Bethany Church’s weekly businessmen’s luncheon seeks to unify local business leaders
through fellowship and a focus on biblical business principles
by Susan Brown
“Life is a hurdles race. You run, hurdle, run, hurdle…you’ve got to get over every day – there are going to be trials.” But meeting together strengthens and recharges men to face the stress, the temptations and the cultural onslaught they face daily, according to Bethany Church Associate Pastor Hank Henagan. The church draws up to 150 men each Wednesday at noon for a businessmen’s luncheon at the South Baton Rouge campus off Siegen Lane and I-10. And it’s growing.
“Ninety percent of the men who come to this do not go to Bethany,” explains Henagan. “They’re from all denominations. It’s the men around the table, the relationships that they have bonded with over the years.” Bethany pastors teach a business lesson based on biblical principles. Discussion follows around each table with a chance for men to work on practical applications to their own situations.
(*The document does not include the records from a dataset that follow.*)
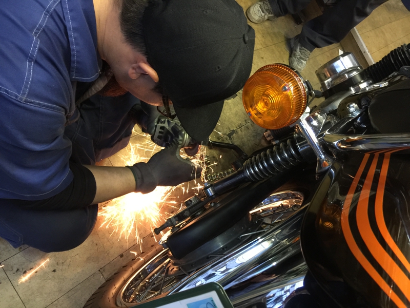 バイク屋のJ君と。やはり古いバイク故で先で何が起こるか判らないところ、こんなプロフェッショナルがいると安心出来ます。前回の車検は彼に頼みました。バイクを倒してウィンカーを潰してしまった時も。もともと動かなくなってしまったZ1をトラックで家まで取りに来てもらって修理をしてもらったのが付き合いの始まり。そして今日、これから彼の出番があるのです。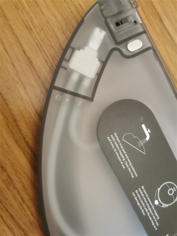 El recipiente para el agua tiene una capacidad de 270 ml, a diferencia de otros modelos mas económicos este recipiente tiene una pequeña bomba con la que podremos controlar desde la aplicación la cantidad de agua que suelta al fregar, la mopa va situada en la parte inferior, podremos quitarla para lavarla cuando este muy sucia.
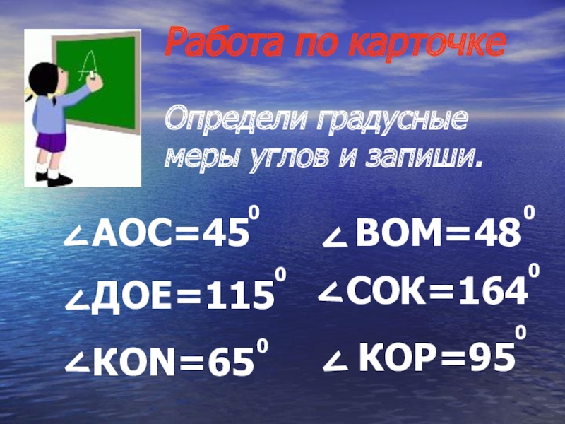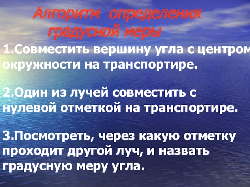 3.Посмотреть, через какую отметку проходит другой луч, и назвать градусную меру угла.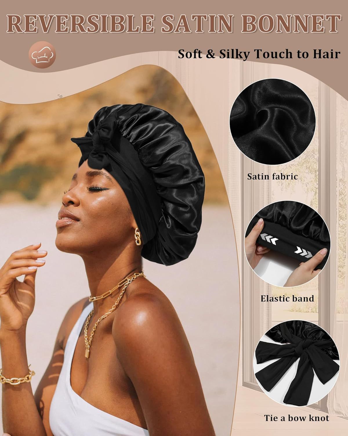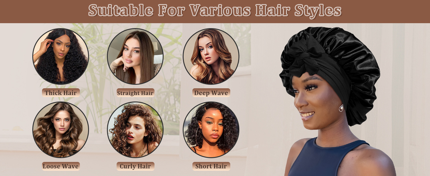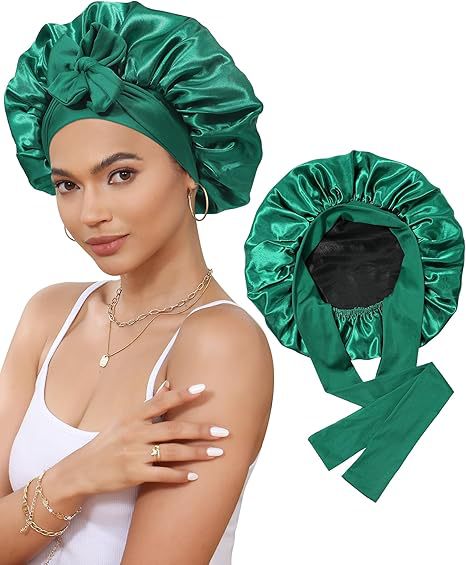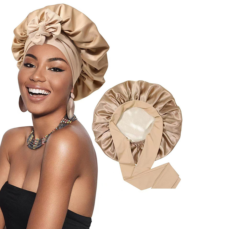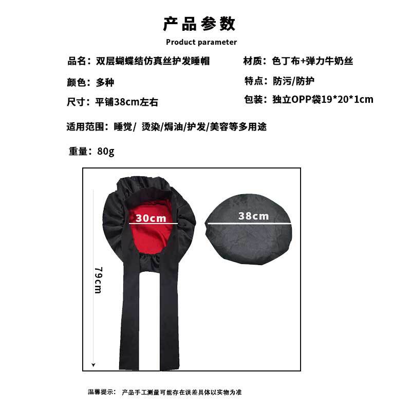 亚马逊爆款双层色丁睡帽飘带蝴蝶结仿真丝帽包头巾美容家居护发帽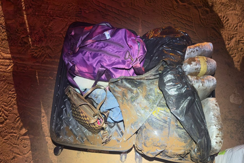 Na mala foram encontrados 11 quilos de substância análoga à maconha do tipo skunk, divididos em 10 invólucros.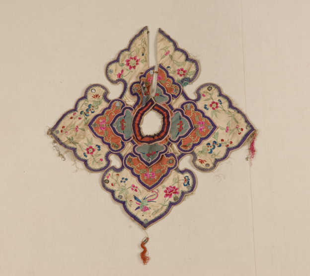 描述:该件云肩如意头四出,为典型的四合如意式云肩,其主要面料为白色红色及绿色素缎织物,其上以彩色丝线绣出花鸟纹样,原当缝有穗子等装饰物,今几已不存。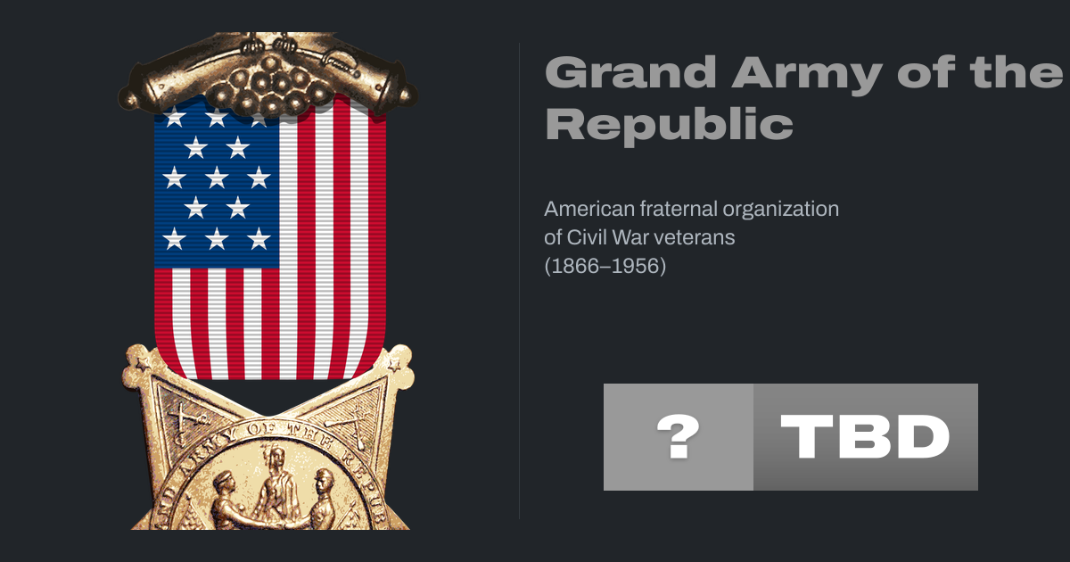 The Grand Army of the Republic (GAR) was a fraternal organization composed of veterans of the Union Army (United States Army), Union Navy (U.S. Navy), and the Marines who served in the American Civil War. It was founded in 1866 in Decatur, Illinois, and grew to include thousands of "posts" (local community units) across the North and West. It...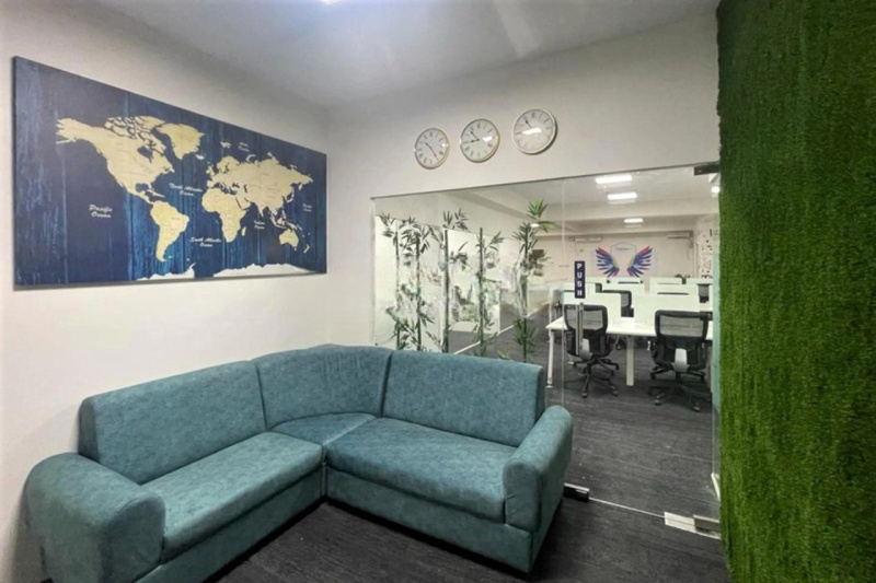 The office is situated on the 8th floor and consists of a front desk cabin.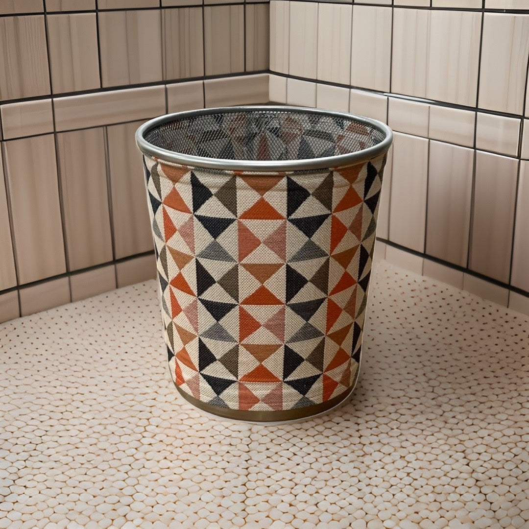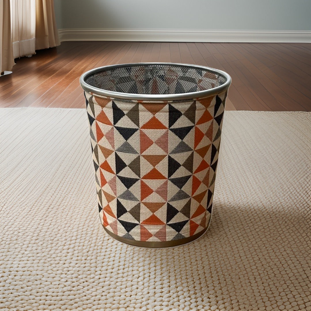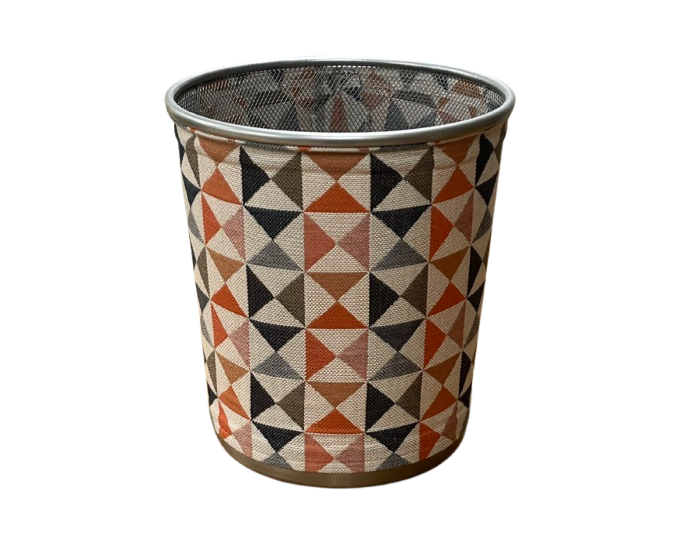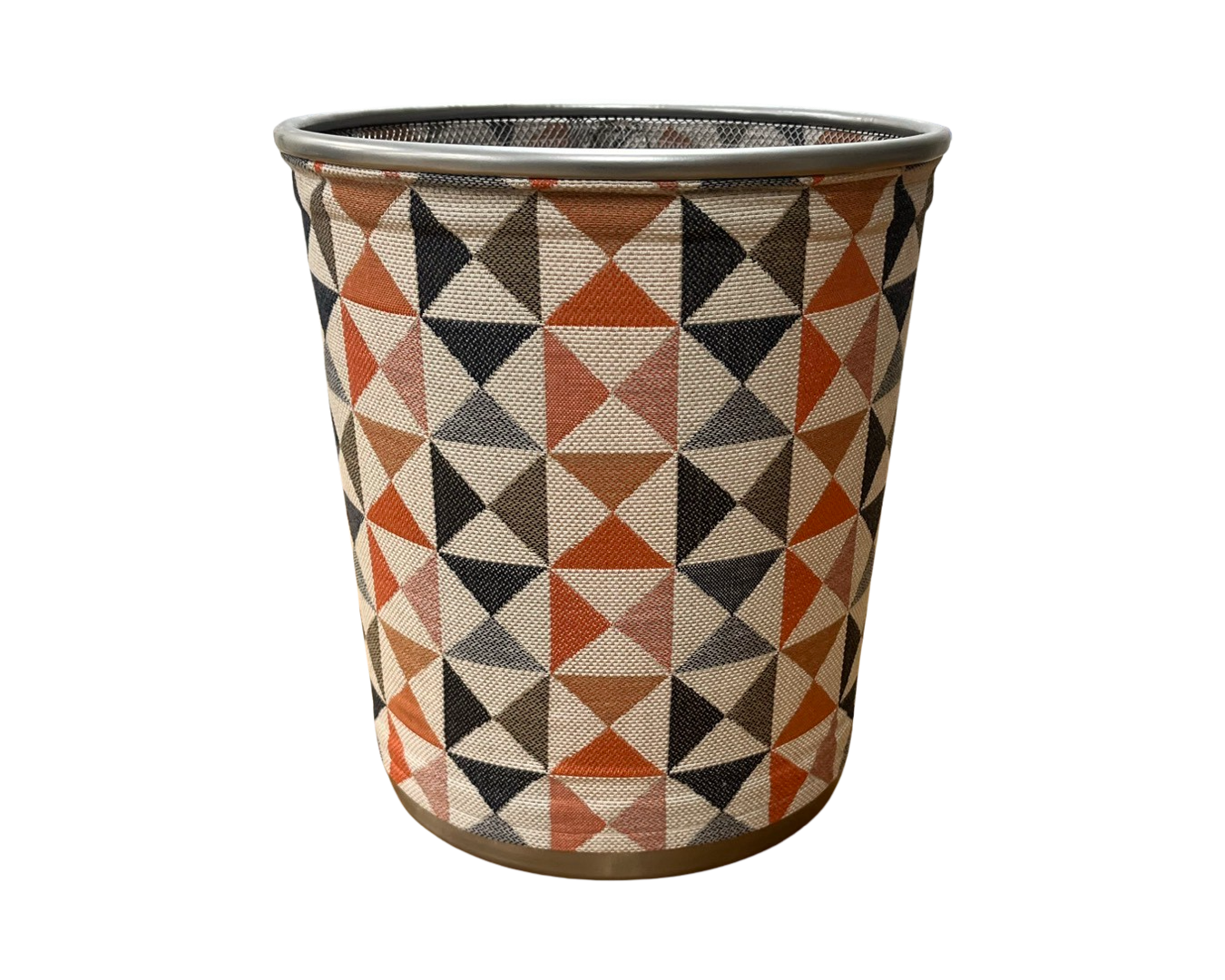 Tan, Salmon, Navy, and Grey Decorative Waste Basket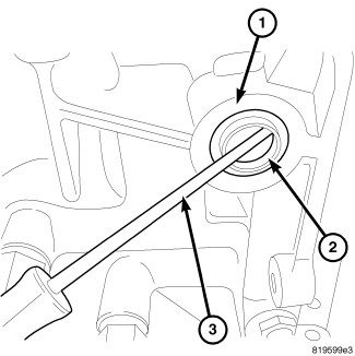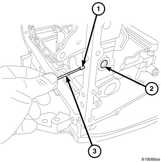 4. Remove the roll pin (3) at the TRS/rooster comb (1) using a pin punch (2).
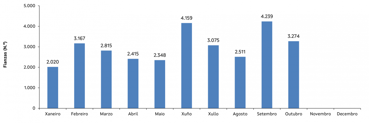 Número de fianzas depositadas en el año 2025 y de contrato en 2025 por mes de depósito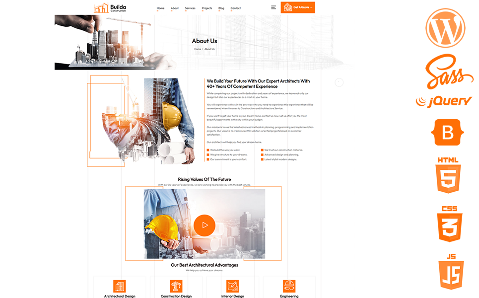 Builda WordPress Theme is a modernize wordpress theme developed with fine lines for Construction, Architecture, Architectural Office, Interior Architect, Exterior Architect, Architectural Services, Construction Services and the Whole Construction Services.

A key principle is ordering priorities according to biblical standards: “God, Christ, you, your family and your vocation,” says Henagan. “If you aren’t right, nothing below you is going to be right. Your family isn’t going to be right, your vocation isn’t going to be right. And the world flips it. My vocation, my vocation, my vocation.”
Instead, Henagan says, spiritual commitment should guide a man’s life and work. He encourages men to be faithful in their churches and to be light to their communities and workplaces. He has a special interest in mentoring those without fathers in the home. Henagan believes that keeping families intact and in church is part of rebuilding the spiritual strength of America in the same way that God prompted Nehemiah to rebuild the walls of Jerusalem. A spiritually strong family and nation needs fathers who are strong in faith and lead with God’s Word rather than the opinions of the prevailing culture.
Henagan encourages men to be open to what God is doing in their lives even when it is not what they expected. As part of his ministry at Bethany, he helps young people decide what they want to do in life by identifying the things they most enjoy. He encourages men to take their interests and skills seriously instead of suffering through a vocation for which they have no enthusiasm. Sometimes, that can mean a career change. “Put God first and follow your heart. What He’s put on your heart to do, go do. Follow your passion, not your pension.”
As part of his mentoring ministry, Henagan wants to pass along what he’s learned to those exploring their career options. After earning a degree in marketing he went to work for a bank – and hated it. “I said there’s got to be more to life than this.” At a downtown bookstore, he came across a self-help book, The Magic of Thinking Big by Dr. David Schwartz (1959). “Other than the Bible, that book changed my life,” he says.
The book teaches that those who have great expectations and a positive attitude tend to accomplish more by visualizing things not as they currently are – but as they could become. Henagan went on to start and sell three businesses, run political campaigns and work for Mayor Tom Ed McHugh. Now, he uses those life lessons to invest holistically in the work and lives of young men and businessmen, following a prompting he received from God as a teenager to serve in the ministry.
Sitting in the back of a church in Singapore in 1993 with Pastor Larry Stockstill and others, he first heard about the concept of cell groups – small groups that foster Christian community through discussion and accountability. He sensed God’s direction to start a cell group in his home. The group was multiplied eight times. By April 1995, he was on staff at Bethany where he helps men write business plans, engage in addiction recovery and train to mentor others through Bethany College.
The midweek break provides a time to replenish and refresh men in Christian community, Henagan says. “Food, fun, fellowship. Teach a lesson.” And they learn to help each other. “The world beats you down but they can come in and just be an encourager. That’s anybody.”